M.Sc Thesis

M.Sc StudentElbaz Dan
SubjectSpeech Signals Frequency Modulation Decoding via Deep
Neural Networks
DepartmentDepartment of Computer Science
Supervisor DR. Michael Zibulevsky
Full Thesis textFull thesis text - English Version


Frequency modulation (FM) is a form of radio broadcasting which is widely used nowadays and has been for almost a century. The widest use of FM is for radio broadcasting, which is commonly used for transmitting audio signal representing voice.

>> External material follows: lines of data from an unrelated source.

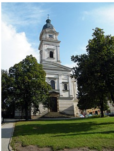
015 kostel sv. Petra a Pavla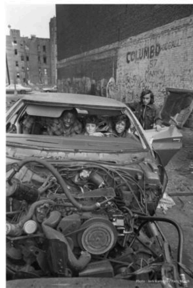
Bronx, New York, 1977.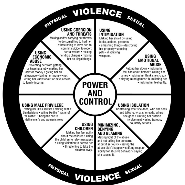
Figur 1. Power and Control Wheel, (Peymar & Pence 1993 s.3).

Motståndsvåld. Motståndsvåldet förklarades av Johnson (2008) som det våld som är en reaktion på en våldssituation och då ofta en reaktion på terrorvåldet. Motståndsvåldet är ett sätt att skydda sig men i motståndsvåldet kan det också finnas förhoppning om, att slår jag tillbaka så upphör det fysiska våldet, menade Johnson (2008). Motståndsvåldet kan också vara ett sätt att försöka kommunicera, att detta du gör mot mig är inte okej - jag kommer att kämpa tillbaka.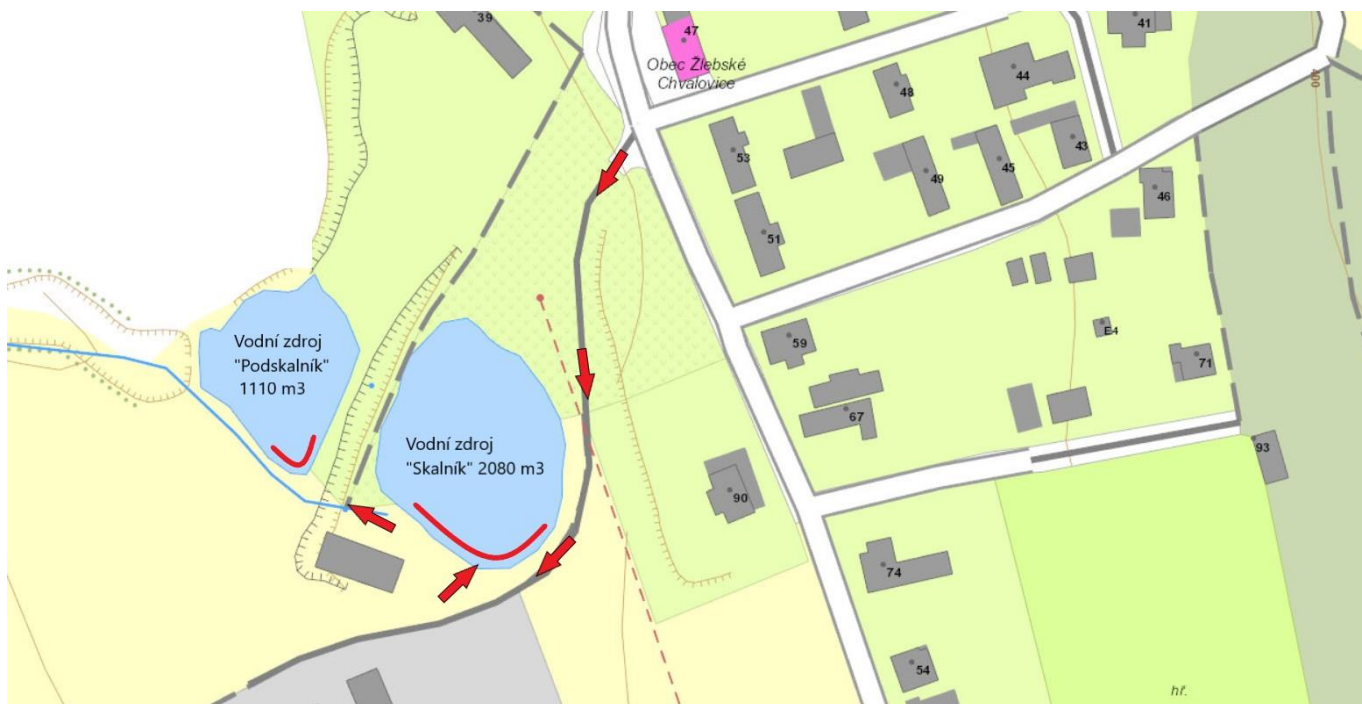
Vodní zdroj „Podskalník“ 1110m 3 a „Skalník“ 2080m 3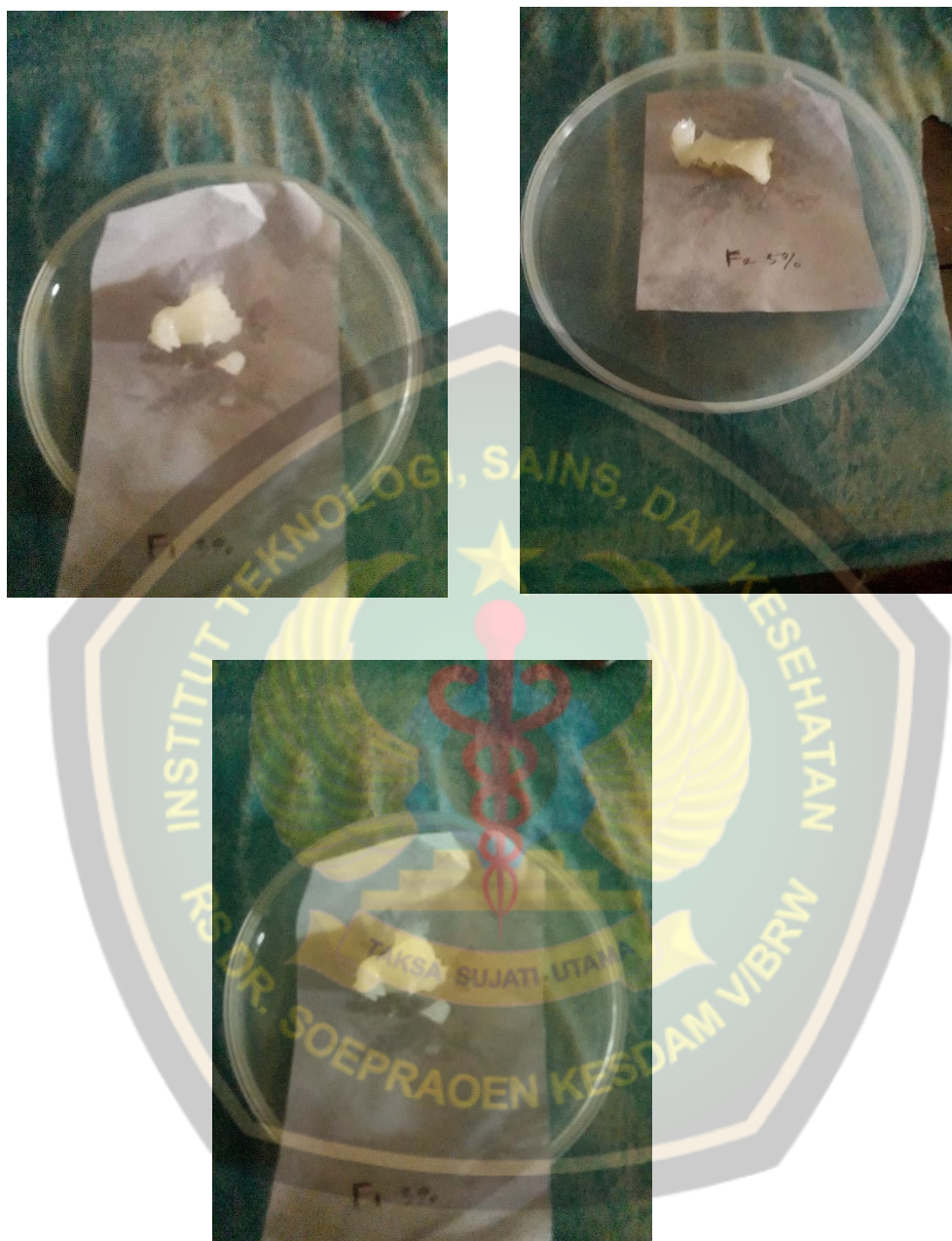
Lampiran 4 Dokumentasi Hasil

Due to the effect of various distortions, noise conditions and other impairments imposed on the transmitted signal, the detection reliability severely deteriorates. As a result thereof, the intelligibility and quality of the detected speech decreases significantly. This phenomenon is known as the Threshold Effect.

End-to-end learning based approaches have shown to be effective and have resulted in excellent performance for many systems with less training data. In this work we present an end to end learning approach for novel application of software defined radio (SDR) receiver for FM detection. By adopting an end-to-end learning based approach, the system utilizes the prior information of transmitted speech message in the demodulation process.

The receiver uses a multi-layered bidirectional Long Short-Term Memory ((B)LSTM) architecture to capture long range dependencies and nonlinear dynamics of the speech signal. The receiver then uses the learned speech structure to detect and enhance speech from the in-phase and quadrature components of its base band version.\\

The new system yields high performance detection for both acoustical disturbances and communication channel noise and is foreseen to out-perform the established methods for low signal to noise ratio (SNR) conditions. We compared the new system performance with the conventional method using several speech quality assessment measures, such as: SNR, segmental SNR and also in perceptual evaluation of speech quality score (PESQ).